Historic house in Virginia, United States

Pharsalia is a historic plantation house and farm complex located near Tyro, Nelson County, Virginia. The main house was built between 1814 and 1816 using slave labor, and is a one-story, 11 bay, linear, single-pile, Federal style, frame manor house. It has a standing seam metal gable roof and features a three-bay porch with a gable roof. It was enlarged in the mid-19th century to its current T-shaped plan. Also on the property are the contributing kitchen / laundry / slave hospital (1834), icehouse / School (c. 1834), crib barn (c. 1830), smokehouse (1814), weaving Room (c. 1814), several slave quarters (c. 1814, 1834), and privy (c. 1814). Also on the property are the sites of a commercial smokehouse (c. 1830) and mill (c. 1830).

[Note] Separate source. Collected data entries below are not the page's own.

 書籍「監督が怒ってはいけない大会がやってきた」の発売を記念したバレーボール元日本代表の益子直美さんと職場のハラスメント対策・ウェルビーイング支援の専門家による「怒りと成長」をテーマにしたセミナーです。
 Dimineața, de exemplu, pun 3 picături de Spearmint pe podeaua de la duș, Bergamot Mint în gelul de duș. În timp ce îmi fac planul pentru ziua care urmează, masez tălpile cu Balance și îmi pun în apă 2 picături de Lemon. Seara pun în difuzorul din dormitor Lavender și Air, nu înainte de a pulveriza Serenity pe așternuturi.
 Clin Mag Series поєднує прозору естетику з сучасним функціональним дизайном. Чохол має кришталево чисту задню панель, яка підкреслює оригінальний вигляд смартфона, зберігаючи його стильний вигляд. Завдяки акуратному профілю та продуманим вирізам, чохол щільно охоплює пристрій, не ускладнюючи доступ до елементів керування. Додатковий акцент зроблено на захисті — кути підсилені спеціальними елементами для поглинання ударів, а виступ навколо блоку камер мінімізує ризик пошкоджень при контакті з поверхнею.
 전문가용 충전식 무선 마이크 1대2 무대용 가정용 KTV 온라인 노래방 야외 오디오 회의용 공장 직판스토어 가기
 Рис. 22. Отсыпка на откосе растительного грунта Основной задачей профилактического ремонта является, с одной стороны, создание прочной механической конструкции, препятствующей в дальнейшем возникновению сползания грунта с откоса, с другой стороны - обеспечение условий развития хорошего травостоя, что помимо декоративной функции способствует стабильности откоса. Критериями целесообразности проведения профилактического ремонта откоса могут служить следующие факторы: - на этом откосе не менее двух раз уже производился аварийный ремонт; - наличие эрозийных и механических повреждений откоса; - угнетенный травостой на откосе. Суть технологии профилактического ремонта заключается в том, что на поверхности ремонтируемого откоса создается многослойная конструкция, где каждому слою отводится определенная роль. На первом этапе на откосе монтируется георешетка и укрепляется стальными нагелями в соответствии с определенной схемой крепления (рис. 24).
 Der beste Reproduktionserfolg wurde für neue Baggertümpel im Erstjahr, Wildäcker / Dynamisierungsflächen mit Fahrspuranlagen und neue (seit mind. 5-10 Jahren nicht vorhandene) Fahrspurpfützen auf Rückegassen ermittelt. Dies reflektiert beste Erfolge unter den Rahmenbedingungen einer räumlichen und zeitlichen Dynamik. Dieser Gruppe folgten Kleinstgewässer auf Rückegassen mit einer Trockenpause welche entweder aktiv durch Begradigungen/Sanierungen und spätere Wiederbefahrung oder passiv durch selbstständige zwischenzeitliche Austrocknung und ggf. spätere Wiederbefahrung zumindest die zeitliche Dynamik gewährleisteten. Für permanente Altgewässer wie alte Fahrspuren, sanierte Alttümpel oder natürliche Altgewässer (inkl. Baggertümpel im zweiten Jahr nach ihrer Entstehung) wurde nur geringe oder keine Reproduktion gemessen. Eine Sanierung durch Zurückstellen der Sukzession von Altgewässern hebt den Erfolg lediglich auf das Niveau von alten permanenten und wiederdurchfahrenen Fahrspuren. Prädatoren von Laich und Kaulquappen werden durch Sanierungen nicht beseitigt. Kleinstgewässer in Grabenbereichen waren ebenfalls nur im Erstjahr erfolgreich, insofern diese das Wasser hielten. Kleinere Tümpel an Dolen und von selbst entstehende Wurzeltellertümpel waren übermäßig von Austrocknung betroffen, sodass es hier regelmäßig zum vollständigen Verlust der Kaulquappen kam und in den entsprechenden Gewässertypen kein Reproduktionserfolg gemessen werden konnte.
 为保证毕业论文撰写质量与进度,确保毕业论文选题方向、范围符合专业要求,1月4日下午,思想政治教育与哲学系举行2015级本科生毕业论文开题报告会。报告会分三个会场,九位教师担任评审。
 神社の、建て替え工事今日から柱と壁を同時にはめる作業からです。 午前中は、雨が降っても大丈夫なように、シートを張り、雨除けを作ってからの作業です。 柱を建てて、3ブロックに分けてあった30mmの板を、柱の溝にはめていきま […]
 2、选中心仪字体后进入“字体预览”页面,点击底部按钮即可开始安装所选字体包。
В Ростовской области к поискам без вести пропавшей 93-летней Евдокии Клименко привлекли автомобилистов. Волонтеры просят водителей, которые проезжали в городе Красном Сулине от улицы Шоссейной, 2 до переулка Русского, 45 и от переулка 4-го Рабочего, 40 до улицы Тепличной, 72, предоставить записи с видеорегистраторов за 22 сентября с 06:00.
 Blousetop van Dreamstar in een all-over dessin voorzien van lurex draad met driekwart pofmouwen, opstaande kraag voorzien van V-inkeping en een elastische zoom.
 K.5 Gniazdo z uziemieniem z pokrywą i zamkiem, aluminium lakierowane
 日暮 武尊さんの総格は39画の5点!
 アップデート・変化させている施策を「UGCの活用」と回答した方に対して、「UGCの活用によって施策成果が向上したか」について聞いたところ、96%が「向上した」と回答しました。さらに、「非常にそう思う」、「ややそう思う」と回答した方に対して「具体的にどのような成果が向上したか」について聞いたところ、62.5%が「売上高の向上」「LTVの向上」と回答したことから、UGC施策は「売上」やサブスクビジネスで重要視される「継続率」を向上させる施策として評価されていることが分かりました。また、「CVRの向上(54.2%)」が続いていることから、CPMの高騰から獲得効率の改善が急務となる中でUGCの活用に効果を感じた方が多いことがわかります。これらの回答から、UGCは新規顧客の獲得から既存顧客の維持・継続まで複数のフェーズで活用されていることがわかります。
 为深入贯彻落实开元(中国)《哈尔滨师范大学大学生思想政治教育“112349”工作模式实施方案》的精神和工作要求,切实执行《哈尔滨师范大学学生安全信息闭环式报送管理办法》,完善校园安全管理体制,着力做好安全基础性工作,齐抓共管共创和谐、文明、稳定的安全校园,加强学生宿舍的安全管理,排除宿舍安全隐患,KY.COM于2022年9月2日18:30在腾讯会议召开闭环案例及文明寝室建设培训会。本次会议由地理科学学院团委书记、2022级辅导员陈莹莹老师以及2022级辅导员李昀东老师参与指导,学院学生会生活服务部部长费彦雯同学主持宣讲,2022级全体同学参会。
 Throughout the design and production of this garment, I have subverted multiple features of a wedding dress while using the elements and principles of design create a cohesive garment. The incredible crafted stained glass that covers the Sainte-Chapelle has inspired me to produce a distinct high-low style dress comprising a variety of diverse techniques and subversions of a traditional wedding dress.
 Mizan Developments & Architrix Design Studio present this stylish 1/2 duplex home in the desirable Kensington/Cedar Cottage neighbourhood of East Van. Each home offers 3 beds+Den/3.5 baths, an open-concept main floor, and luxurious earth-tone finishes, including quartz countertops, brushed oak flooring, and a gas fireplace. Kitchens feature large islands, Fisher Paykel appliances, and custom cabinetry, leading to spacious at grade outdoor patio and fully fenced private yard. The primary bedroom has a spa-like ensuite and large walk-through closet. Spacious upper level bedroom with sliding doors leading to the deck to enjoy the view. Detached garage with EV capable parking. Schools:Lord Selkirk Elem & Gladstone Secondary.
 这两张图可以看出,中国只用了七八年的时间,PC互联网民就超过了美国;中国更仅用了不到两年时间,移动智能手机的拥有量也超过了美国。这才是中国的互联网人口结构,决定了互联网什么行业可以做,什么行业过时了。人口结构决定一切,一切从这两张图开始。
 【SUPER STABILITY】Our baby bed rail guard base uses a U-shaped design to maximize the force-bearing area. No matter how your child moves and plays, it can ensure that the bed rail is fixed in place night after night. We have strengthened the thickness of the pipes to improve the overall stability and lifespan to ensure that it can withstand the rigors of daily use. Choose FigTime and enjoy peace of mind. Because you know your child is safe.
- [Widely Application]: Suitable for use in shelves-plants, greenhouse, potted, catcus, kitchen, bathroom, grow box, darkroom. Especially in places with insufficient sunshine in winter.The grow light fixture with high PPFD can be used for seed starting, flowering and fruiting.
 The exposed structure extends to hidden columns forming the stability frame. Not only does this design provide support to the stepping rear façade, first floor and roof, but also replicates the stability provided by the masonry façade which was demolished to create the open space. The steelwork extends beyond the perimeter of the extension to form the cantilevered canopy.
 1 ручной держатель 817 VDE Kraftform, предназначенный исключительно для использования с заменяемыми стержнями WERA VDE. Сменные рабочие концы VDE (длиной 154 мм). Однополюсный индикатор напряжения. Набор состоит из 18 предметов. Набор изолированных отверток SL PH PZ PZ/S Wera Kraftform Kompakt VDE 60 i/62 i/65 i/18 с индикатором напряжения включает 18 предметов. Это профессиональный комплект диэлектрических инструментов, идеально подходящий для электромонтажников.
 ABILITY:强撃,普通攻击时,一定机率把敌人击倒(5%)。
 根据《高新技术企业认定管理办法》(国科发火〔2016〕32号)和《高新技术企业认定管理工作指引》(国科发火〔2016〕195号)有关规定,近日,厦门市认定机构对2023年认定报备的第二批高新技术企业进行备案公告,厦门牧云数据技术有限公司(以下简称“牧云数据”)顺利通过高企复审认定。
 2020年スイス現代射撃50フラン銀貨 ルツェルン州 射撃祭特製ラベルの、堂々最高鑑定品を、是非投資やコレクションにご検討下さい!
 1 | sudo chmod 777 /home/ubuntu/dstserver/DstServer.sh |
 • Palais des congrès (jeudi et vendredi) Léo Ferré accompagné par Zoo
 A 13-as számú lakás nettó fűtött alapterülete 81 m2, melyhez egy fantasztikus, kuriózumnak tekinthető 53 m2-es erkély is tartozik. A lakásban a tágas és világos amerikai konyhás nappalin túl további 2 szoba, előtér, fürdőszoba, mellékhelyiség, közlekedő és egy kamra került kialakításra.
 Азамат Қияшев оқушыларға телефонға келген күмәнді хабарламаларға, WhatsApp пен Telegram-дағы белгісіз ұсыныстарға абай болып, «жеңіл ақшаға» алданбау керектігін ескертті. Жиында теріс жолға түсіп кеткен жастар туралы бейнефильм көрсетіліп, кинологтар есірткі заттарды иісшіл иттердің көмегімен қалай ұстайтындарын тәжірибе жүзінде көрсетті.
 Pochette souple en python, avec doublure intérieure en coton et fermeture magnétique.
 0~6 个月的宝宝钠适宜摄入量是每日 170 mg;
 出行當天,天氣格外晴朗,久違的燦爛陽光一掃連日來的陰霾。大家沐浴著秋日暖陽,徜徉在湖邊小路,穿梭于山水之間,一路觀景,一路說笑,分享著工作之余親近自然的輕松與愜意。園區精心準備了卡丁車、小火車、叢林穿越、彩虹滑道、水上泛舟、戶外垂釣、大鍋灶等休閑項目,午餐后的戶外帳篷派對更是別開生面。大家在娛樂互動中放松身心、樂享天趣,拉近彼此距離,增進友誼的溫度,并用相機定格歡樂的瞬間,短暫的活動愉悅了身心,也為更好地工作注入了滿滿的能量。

It was listed on the National Register of Historic Places in 2009.

==Slavery==

The property was ordered constructed by American planter and Revolutionary War veteran Thomas Massie as a wedding present for his son William Massie (1795-1862) and his first wife, Sarah Steptoe (1796-1828). At the height of ownership, William owned close to 200 enslaved African-Americans who lived in twenty-five slave quartering buildings on the property. At William's death, there were 154 enslaved people living at Pharsalia who then fell into possession of his fourth wife, Maria Catherine Effinger (1814-1889), and his children. William began slave record keeping in 1815 after being gifted his first twenty-one slaves from his father and an additional amount from his first father-in-law, James Steptoe.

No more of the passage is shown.